The site loads these 7 requests:
Requests | Size |
HTML | 16.0KB |
CSS | 5.00KB |
CSS | 1.80KB |
JS | 31.6KB |
JS | 2.42KB |
JS | 3.52KB |
Favicon | 1.81KB |
I could reduce the second style and second script if I wanted to test a faster version of the site but that was the current state of the site at the moment of running these tests.
Cloudflare APO
I am subscribed to CloudFlare APO and these are the results of four tests that I ran
These are the results of the first GTMetrix test:
Connect | 55ms |
Backend | 26ms |
First Contentful Paint | 162ms |
Large Content Paint | 162ms |
Time to Interactive | 194ms |
Onload time | 210ms |
Fully Loaded Time | 228ms |
These are the results of the second GTMetrix test:
Connect | 69ms |
Backend | 30ms |
First Contentful Paint | 163ms |
Large Content Paint | 163ms |
Time to Interactive | 200ms |
Onload time | 201ms |
Fully Loaded Time | 220ms |
These are the results of the third GTMetrix test:
Connect | 17ms |
Backend | 32ms |
First Contentful Paint | 115ms |
Large Content Paint | 115ms |
Time to Interactive | 150ms |
Onload time | 151ms |
Fully Loaded Time | 170ms |
These are the results of the fourth GTMetrix test:
Connect | 16ms |
Backend | 24ms |
First Contentful Paint | 102ms |
Large Content Paint | 102ms |
Time to Interactive | 137ms |
Onload time | 140ms |
Fully Loaded Time | 166ms |
As you can see, the results, tend to get slightly better after we run more and more tests.
166ms for fully loaded time is quite impressive.
Since seeing is believing, this is a screenshot of the fourth test

Now let’s check how the site performs using Cloudflare pages.
Cloudflare Pages: Headless WordPress
Creating a static site to run a few tests isn’t that complicated, just install the Simply Static plugin by Patrick Posner

I downloaded the copy and uploaded the folder to Cloudflare Pages.
The site loads 7 requests:
Requests | Size |
HTML | 14.7KB |
CSS | 5.01KB |
CSS | 1.78KB |
JS | 31.7KB |
JS | 2.44KB |
JS | 3.53KB |
Favicon | 1.78KB |
As you can see the size of your files will be pretty much the same once they are converted to static pages
These are the results of my first test:
Connect | 28ms |
Backend | 59ms |
First Contentful Paint | 190ms |
Large Content Paint | 190ms |
Time to Interactive | 221ms |
Onload time | 343ms |
Fully Loaded Time | 536ms |
These are the results of my second test:
Connect | 57ms |
Backend | 80ms |
First Contentful Paint | 264ms |
Large Content Paint | 264ms |
Time to Interactive | 302ms |
Onload time | 310ms |
Fully Loaded Time | 428ms |
These are the results of my third test:
Connect | 29ms |
Backend | 67ms |
First Contentful Paint | 196ms |
Large Content Paint | 196ms |
Time to Interactive | 236ms |
Onload time | 363ms |
Fully Loaded Time | 555ms |
These are the results of my fourth test:
Connect | 26ms |
Backend | 170ms |
First Contentful Paint | 438ms |
Large Content Paint | 438ms |
Time to Interactive | 474ms |
Onload time | 480ms |
Fully Loaded Time | 542ms |
This is a screenshot of the fourth test

I decided to run a test after adding a domain to the static site project, just to make sure the comparison was fair.
Connect | 21ms |
Backend | 13ms |
First Contentful Paint | 160ms |
Large Content Paint | 160ms |
Time to Interactive | 219ms |
Onload time | 558ms |
Fully Loaded Time | 590ms |
Cloudflare APO was still superior to Cloudflare Pages.

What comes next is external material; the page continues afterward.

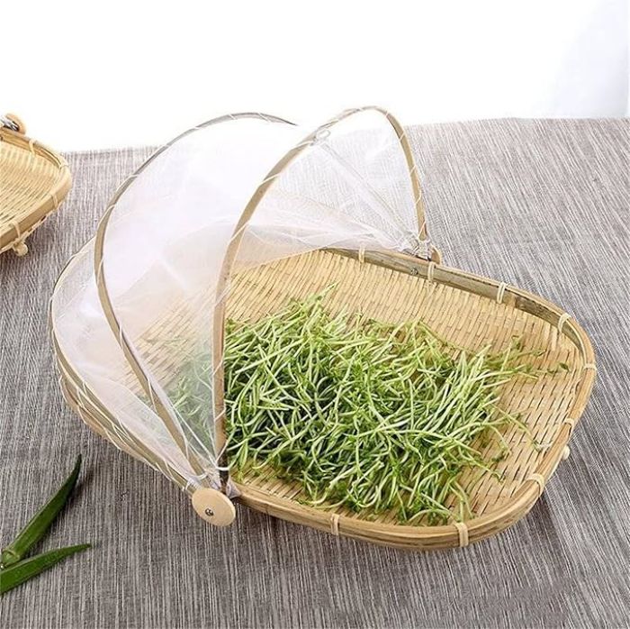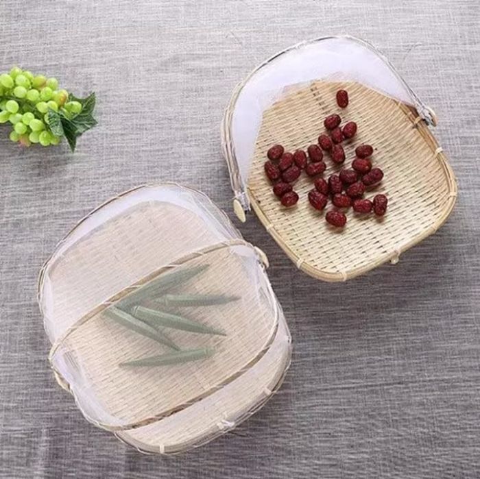 夏のピクニックに最適なプレートカバー! この竹ざる、家庭、ピクニック、キャンプに適しています。

Headless WordPress Hosting Providers
These are some headless WordPress Hosting Providers that might guarantee better results that the ones I got with Cloudflare pages:
Conclusion
I got kinda excited about turning one of my sites into a Headless WordPress site because the idea of doing it sounds kinda cool.
If you know what you are doing when building and securing sites, you won’t gain much by jumping into the Headless WordPress bandwagon.

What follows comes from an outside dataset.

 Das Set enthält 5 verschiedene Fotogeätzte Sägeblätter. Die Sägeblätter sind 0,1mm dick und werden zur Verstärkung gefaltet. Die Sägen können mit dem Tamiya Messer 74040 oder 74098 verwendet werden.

I recognize that the speed tests carried out could be different If I would have used this or that headless hosting provider but they are way too pricey to consider.
I don’t really know if people using those headless managed hosting services would get sites better results than I was able to get, but let me tell you this, a fully loaded site in less than 166ms is kinda hard to beat, and even if you beat it, what taking it to 130 ms gets you?
My sites aren’t Amazon or Walmart, I am not gaining millions of dollars by reducing the fully loaded time by 20ms.